+ *
+ * Note that some versions of the atomic functions incorporate memory barriers,
+ * and some do not. Barriers strictly order memory access on a weakly-ordered
+ * architecture such as PPC. All loads and stores executed in sequential program
+ * order before the barrier will complete before any load or store executed after
+ * the barrier. On a uniprocessor, the barrier operation is typically a nop.
+ * On a multiprocessor, the barrier can be quite expensive.
+ *
+ * Most code will want to use the barrier functions to insure that memory shared
+ * between threads is properly synchronized. For example, if you want to initialize
+ * a shared data structure and then atomically increment a variable to indicate
+ * that the initialization is complete, then you MUST use OSAtomicIncrement32Barrier()
+ * to ensure that the stores to your data structure complete before the atomic add.

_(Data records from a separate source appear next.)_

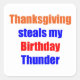 Thanksgiving steals my birthday thunder! Humourous design for those born on Thanksgiving. It's not always fun having your birthday on a holiday so if you know someone who has had Thanksgiving steal their birthday thunder, this design is for them.
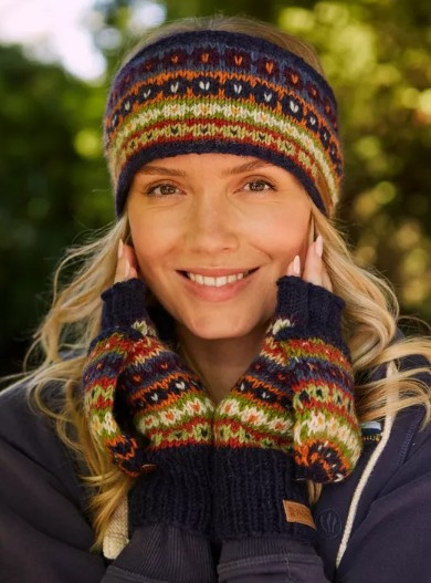 OverzichtDeze hoofdband werd door vrouwen in Nepal gebreid. Ook je oren blijven heerlijk warm!
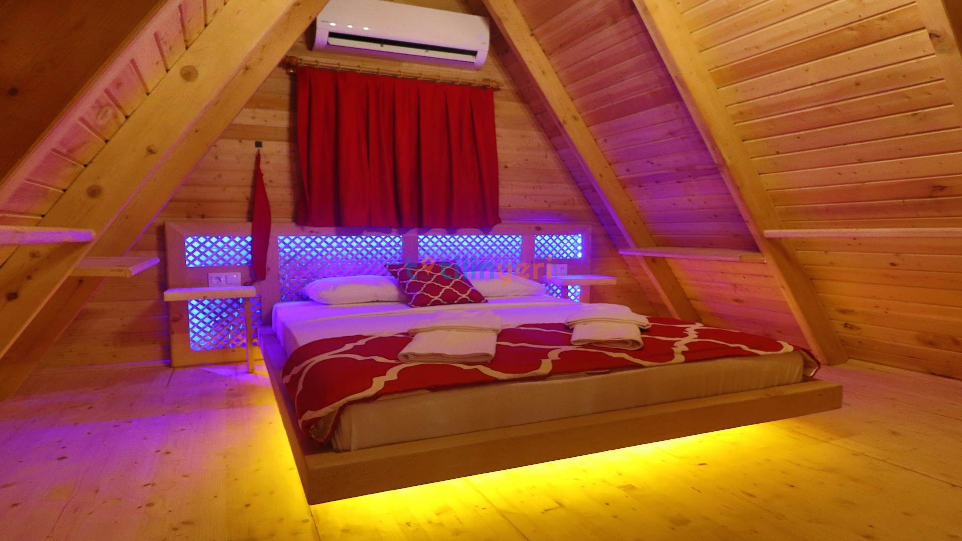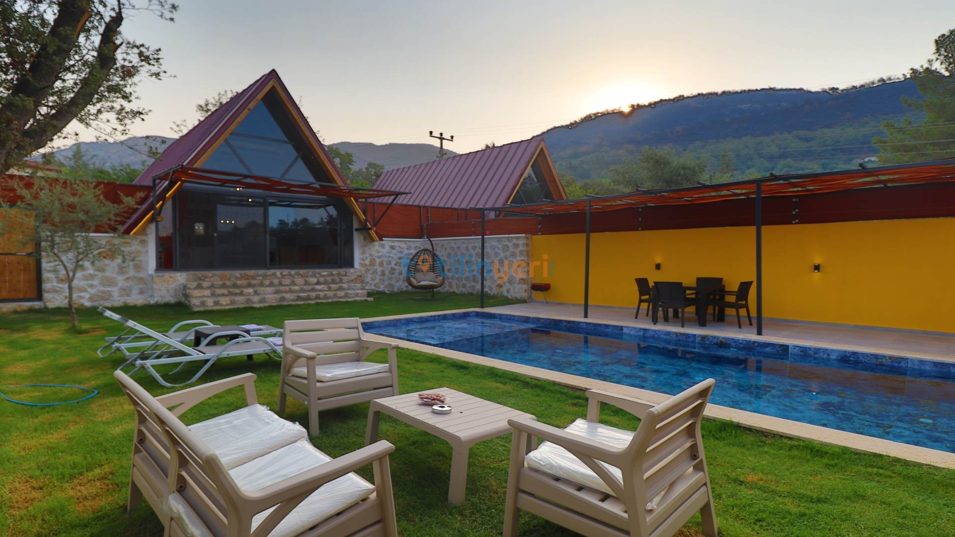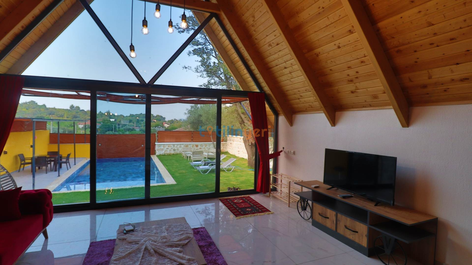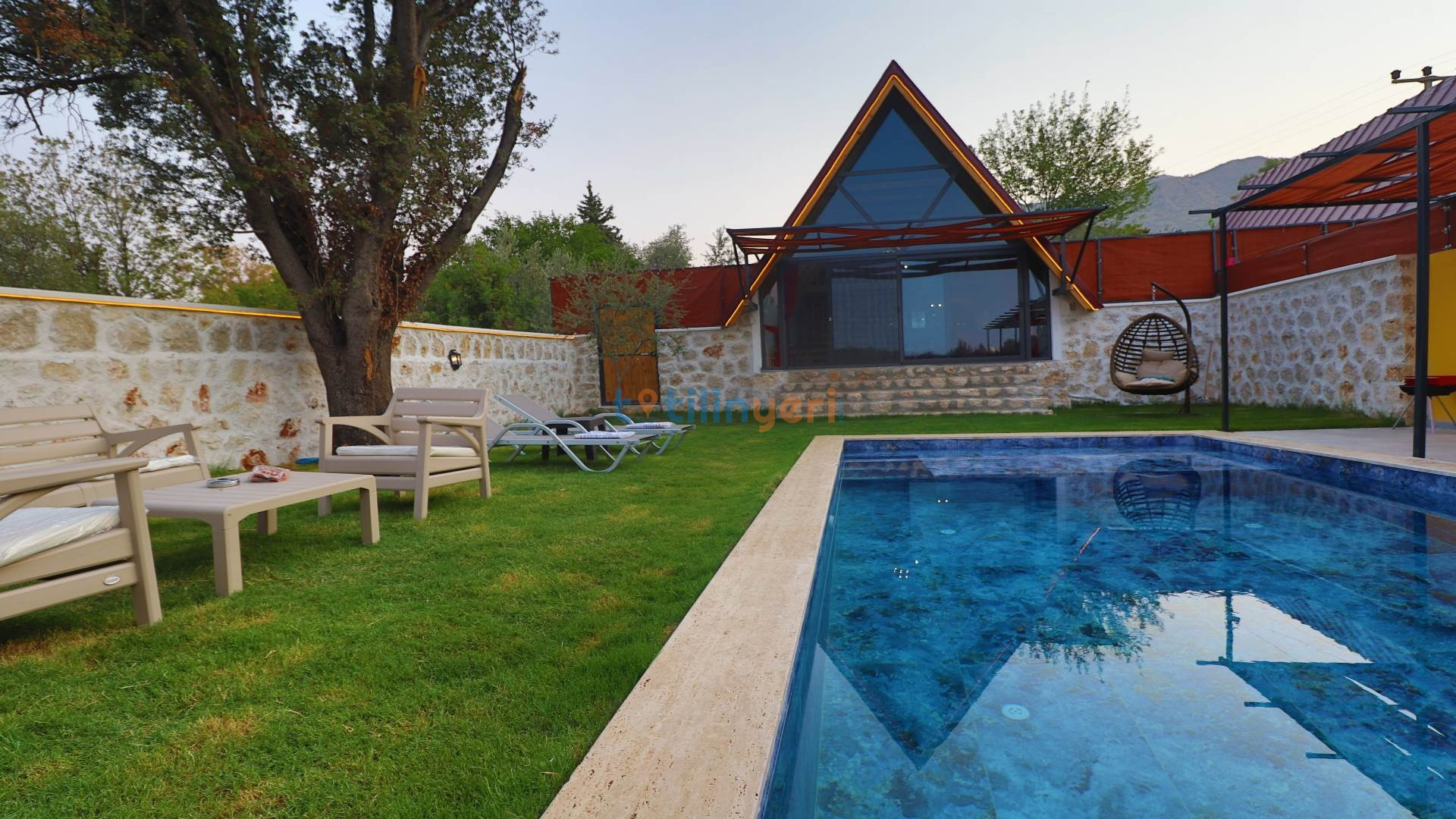 Yatak odasının bulunduğu asma katta jakuzi de bulunan villamızın havuz alanı korunaklıdır.
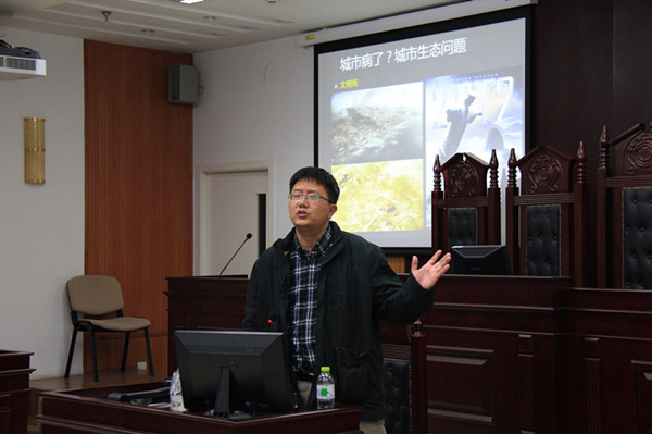 10月23日晚七点,跨学科论坛系列讲座之十二“生态城市规划与管理——一个人的城市”在中财大厦模拟法庭举行。此次讲座由北京师范大学环境公司教授、博士生导师陈彬教授主讲,由公司高秦伟教授主持。出席讲座的有李伟副教授、张小平副教授、郭维真博士,以及9428cn太阳集团古天乐的本科生和硕士生。讲座主要介绍生态城市的规划和管理方面的研究和经验。
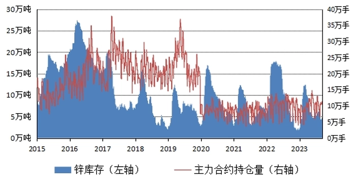 沪锌库存和盘面持仓量 |
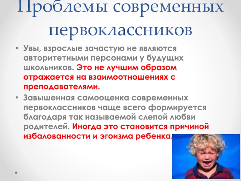 Завышенная самооценка современных первоклассников чаще всего формируется благодаря так называемой слепой любви родителей. Иногда это становится причиной избалованности и эгоизма ребенка.
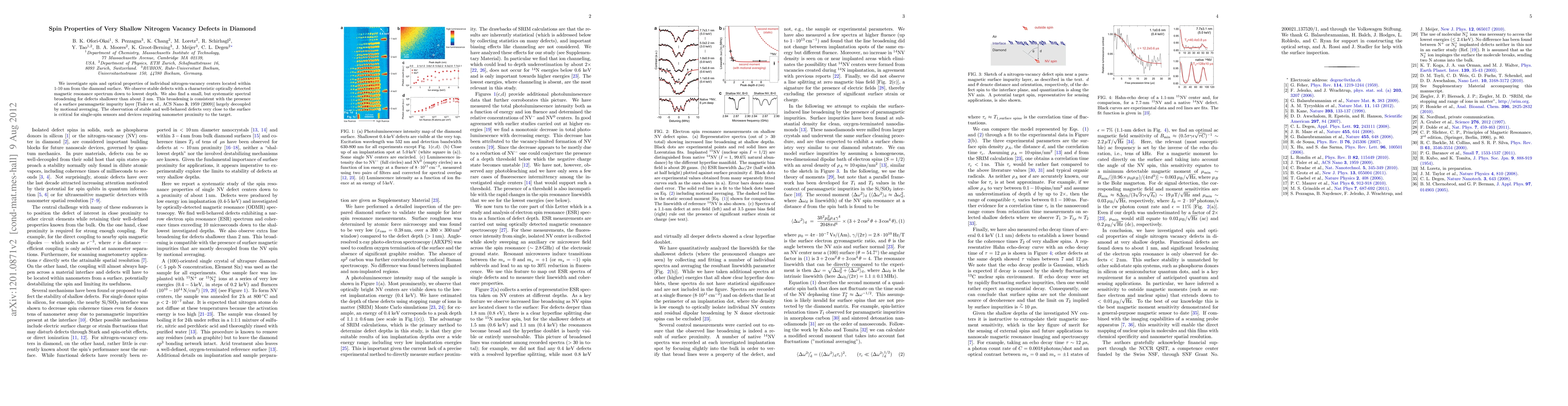 This study examines the spin and optical properties of nitrogen-vacancy centers in diamond near the surface (1-10 nm). It finds stable defects with consistent optically detected magnetic resonance, though shallower defects (<2 nm) exhibit systematic spectral broadening likely due to surface paramagnetic impurities.

+ * Likewise, the consumer of that data structure MUST use OSAtomicDecrement32Barrier(),
+ * in order to ensure that their loads of the structure are not executed before
+ * the atomic decrement. On the other hand, if you are simply incrementing a global
+ * counter, then it is safe and potentially faster to use OSAtomicIncrement32().
+ *
+ * If you are unsure which version to use, prefer the barrier variants as they are
+ * safer.
+ *
+ * The spinlock and queue operations always incorporate a barrier.